Problem requirements = In the entries below, repeat only the lines between those holding "Briston Clubmaster Iconic" and "Удобная кнопочная застёжка", inclusive. Leave pictures out.

Given entries =
########

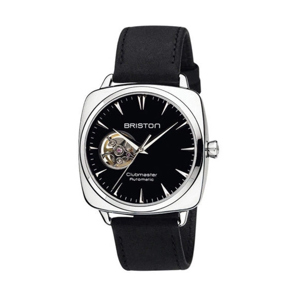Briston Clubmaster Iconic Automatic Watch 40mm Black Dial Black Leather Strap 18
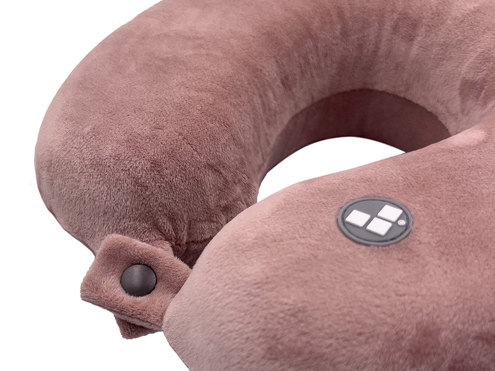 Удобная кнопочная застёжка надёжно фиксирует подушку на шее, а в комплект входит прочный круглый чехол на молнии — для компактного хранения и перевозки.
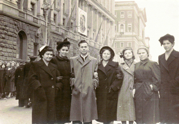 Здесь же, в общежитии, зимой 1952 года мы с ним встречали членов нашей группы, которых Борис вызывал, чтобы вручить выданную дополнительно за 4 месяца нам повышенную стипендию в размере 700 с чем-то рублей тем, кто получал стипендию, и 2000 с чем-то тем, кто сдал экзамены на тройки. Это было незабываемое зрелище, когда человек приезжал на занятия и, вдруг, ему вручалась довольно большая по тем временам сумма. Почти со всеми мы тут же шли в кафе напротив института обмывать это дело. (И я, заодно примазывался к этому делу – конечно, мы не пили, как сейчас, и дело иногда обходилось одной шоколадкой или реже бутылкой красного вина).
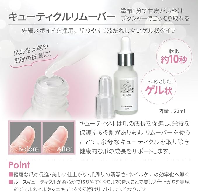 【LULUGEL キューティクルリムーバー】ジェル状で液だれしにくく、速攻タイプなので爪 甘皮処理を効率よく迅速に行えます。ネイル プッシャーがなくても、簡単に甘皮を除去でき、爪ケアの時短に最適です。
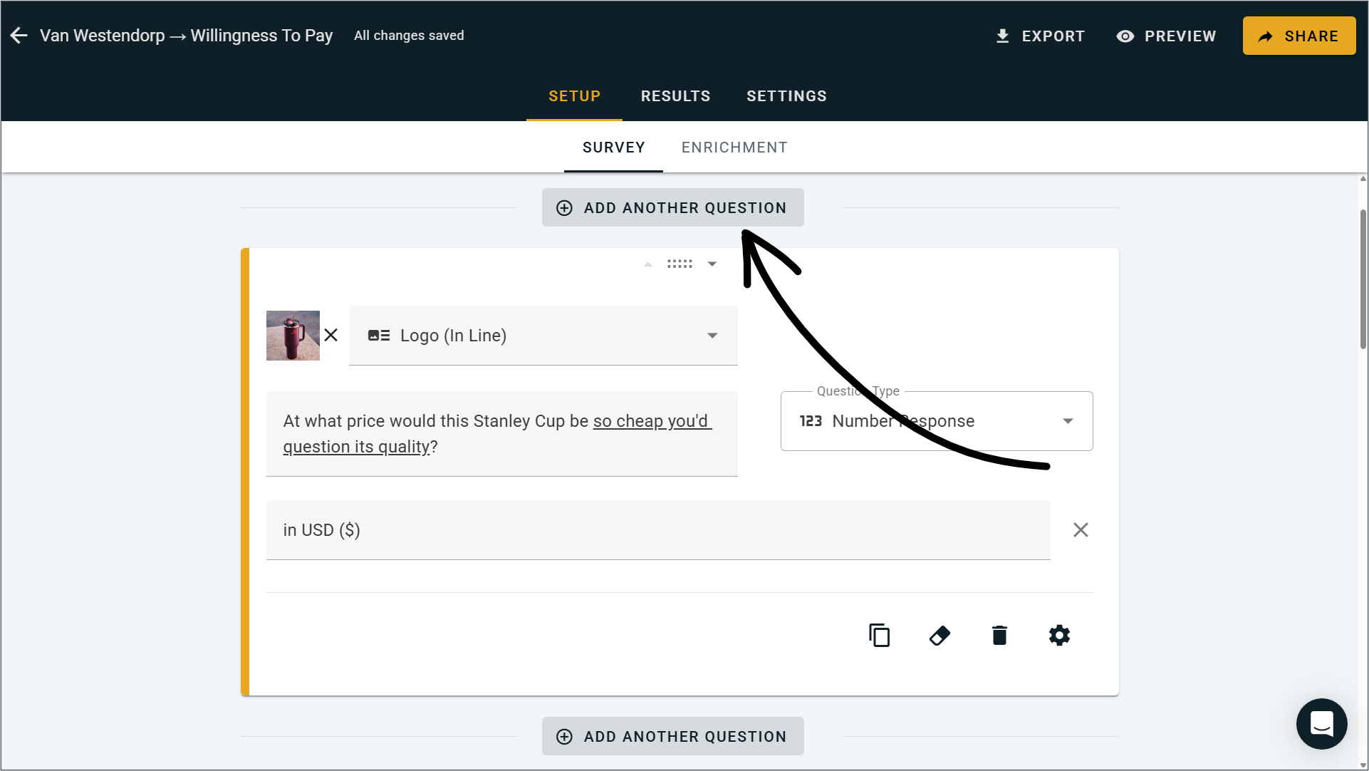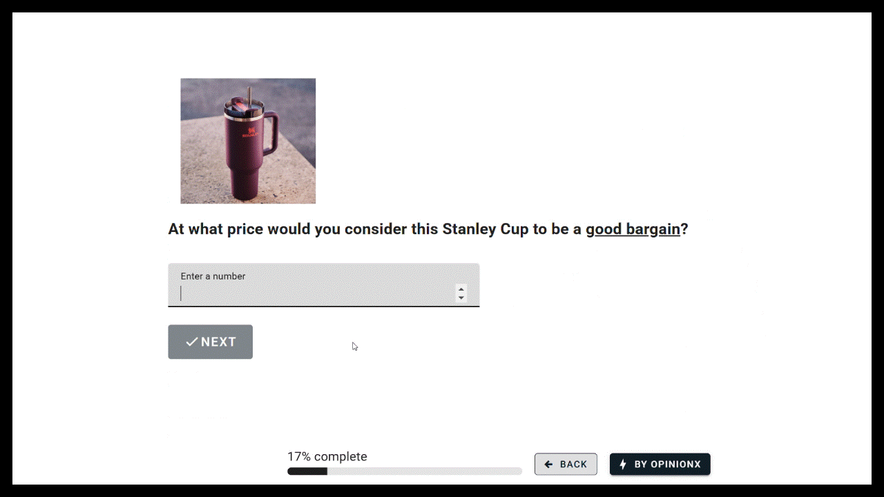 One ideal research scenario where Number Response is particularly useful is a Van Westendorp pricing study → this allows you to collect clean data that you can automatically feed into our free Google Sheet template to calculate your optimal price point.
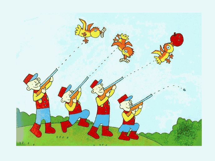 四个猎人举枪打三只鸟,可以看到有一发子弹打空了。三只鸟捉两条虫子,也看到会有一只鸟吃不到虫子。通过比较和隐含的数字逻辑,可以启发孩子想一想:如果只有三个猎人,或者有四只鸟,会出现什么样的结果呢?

########

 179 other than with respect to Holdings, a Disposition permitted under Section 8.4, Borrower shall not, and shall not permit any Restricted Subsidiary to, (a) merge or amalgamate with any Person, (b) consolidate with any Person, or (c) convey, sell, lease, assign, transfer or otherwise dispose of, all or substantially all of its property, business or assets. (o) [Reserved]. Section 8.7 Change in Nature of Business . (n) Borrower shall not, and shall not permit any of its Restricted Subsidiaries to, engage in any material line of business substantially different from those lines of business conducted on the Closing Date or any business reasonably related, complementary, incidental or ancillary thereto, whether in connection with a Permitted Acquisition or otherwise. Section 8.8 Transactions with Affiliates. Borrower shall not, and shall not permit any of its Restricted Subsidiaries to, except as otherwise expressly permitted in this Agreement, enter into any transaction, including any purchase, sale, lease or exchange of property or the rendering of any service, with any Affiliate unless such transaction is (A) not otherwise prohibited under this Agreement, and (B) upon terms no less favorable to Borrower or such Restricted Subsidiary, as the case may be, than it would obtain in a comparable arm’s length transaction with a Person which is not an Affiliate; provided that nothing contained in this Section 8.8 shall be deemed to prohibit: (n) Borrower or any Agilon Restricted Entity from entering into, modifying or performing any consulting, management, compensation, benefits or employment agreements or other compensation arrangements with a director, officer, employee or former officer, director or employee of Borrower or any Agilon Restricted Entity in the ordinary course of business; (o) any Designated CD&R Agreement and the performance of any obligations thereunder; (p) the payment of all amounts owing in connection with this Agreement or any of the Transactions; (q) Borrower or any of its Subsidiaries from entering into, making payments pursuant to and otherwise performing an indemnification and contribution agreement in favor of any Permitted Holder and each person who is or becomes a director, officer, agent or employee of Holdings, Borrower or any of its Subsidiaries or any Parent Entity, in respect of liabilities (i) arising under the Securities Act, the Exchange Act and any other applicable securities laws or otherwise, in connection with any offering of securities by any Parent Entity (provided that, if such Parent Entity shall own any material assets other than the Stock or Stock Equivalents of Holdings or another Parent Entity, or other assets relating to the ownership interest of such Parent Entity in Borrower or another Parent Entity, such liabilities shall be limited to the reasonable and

########

Exercise solution =
Briston Clubmaster Iconic Automatic Watch 40mm Black Dial Black Leather Strap 18
 Удобная кнопочная застёжка надёжно фиксирует подушку на шее, а в комплект входит прочный круглый чехол на молнии — для компактного хранения и перевозки.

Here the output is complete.